The following examples illustrate the variety of workflows seen in various contexts:

 In machine shops, particularly job shops and flow shops, the flow of a part through the various processing stations is a workflow.
 Insurance claims processing is an example of an information-intensive, document-driven workflow.
 Wikipedia editing can be modeled as a stochastic workflow.
 The Getting Things Done system is a model of personal workflow management for information workers.
 In software development, support and other industries, the concept of follow-the-sun describes a process of passing unfinished work across time zones.
 In traditional offset and digital printing, the concept of workflow represents the process, people, and usually software technology (RIPs raster image processors or DFE digital front end) controllers that play a part in pre/post processing of print-related files, e.g., PDF pre-flight checking to make certain that fonts are embedded or that the imaging output to plate or digital press will be able to render the document intent properly for the image-output capabilities of the press that will print the final image.
 In scientific experiments, the overall process (tasks and data flow) can be described as a directed acyclic graph (DAG).
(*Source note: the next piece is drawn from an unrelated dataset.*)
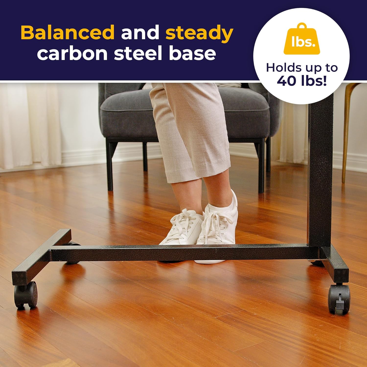 The Non-Tilt Overbed Table from Drive Medical represents everything you want in a traditional and sturdy mobile bed table. The height-adjustable table rises and lowers easily, requiring the slightest of upward pressure, making it user-friendly for all ages and needs. The swivel casters make this rolling table extremely lightweight and comfortable to move from one position or room to the next. The laminated surface is textured, making it difficult for items to slide off your table, and once your desired height is reached, the tabletop locks firmly and safely into place. Backed by a limited lifetime warranty from Drive Medical, a leading brand of bath safety products, mobility aids, and other medical goods for more than 20 years, you can purchase with confidence.

This DAG is referred to as a workflow, e.g., Brain Imaging workflows.
 In healthcare data analysis, a workflow can be identified or used to represent a sequence of steps which compose a complex data analysis.
 In service-oriented architectures, an application can be represented through an executable workflow, where different, possibly geographically distributed, service components interact to provide the corresponding functionality under the control of a workflow management system.
 In shared services, an application can be in the practice of developing robotic process automation (called RPA or RPAAI for self-guided RPA 2.0 based on artificial intelligence) which results in the deployment of attended or unattended software agents to an organization's environment. These software agents, or robots, are deployed to perform pre-defined structured and repetitive sets of business tasks or processes. Artificial intelligence software robots are deployed to handle unstructured data sets and are deployed after performing and deploying robotic process automation.
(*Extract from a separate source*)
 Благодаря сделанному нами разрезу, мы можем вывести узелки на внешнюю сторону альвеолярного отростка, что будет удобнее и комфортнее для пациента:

Features and phenomenology 
 Modeling: Workflow problems can be modeled and analyzed using graph-based formalisms like Petri nets.
 Measurement: Many of the concepts used to measure scheduling systems in operations research are useful for measuring general workflows. These include throughput, processing time, and other regular metrics.
 Specialized connotations: The term "workflow" has specialized connotations in information technology, document management, and imaging. Since 1993, one trade consortium specifically focused on workflow management and the interoperability of workflow management systems, the Workflow Management Coalition.
 Scientific workflow systems: These found wide acceptance in the fields of bioinformatics and cheminformatics in the early 2000s, when they met the need for multiple interconnected tools that handle multiple data formats and large data quantities. Also, the paradigm of scientific workflows resembles the well-established practice of Perl programming in life science research organizations, making this adoption a natural step towards more structured infrastructure setup.
 Human-machine interaction: Several conceptualizations of mixed-initiative workflows have been studied, particularly in the military, where automated agents play roles just as humans do. For innovative, adaptive, and collaborative human work, the techniques of human interaction management are required.
 Workflow analysis: Workflow systems allow users to develop executable processes with no familiarity with formal programming concepts. Automated workflow analysis techniques can help users analyze the properties of user workflows to conduct verification of certain properties before executing them, e.g., analyzing flow control or data flow. Examples of tools based on formal analysis frameworks have been developed and used for the analysis of scientific workflows and can be extended to the analysis of other types of workflows.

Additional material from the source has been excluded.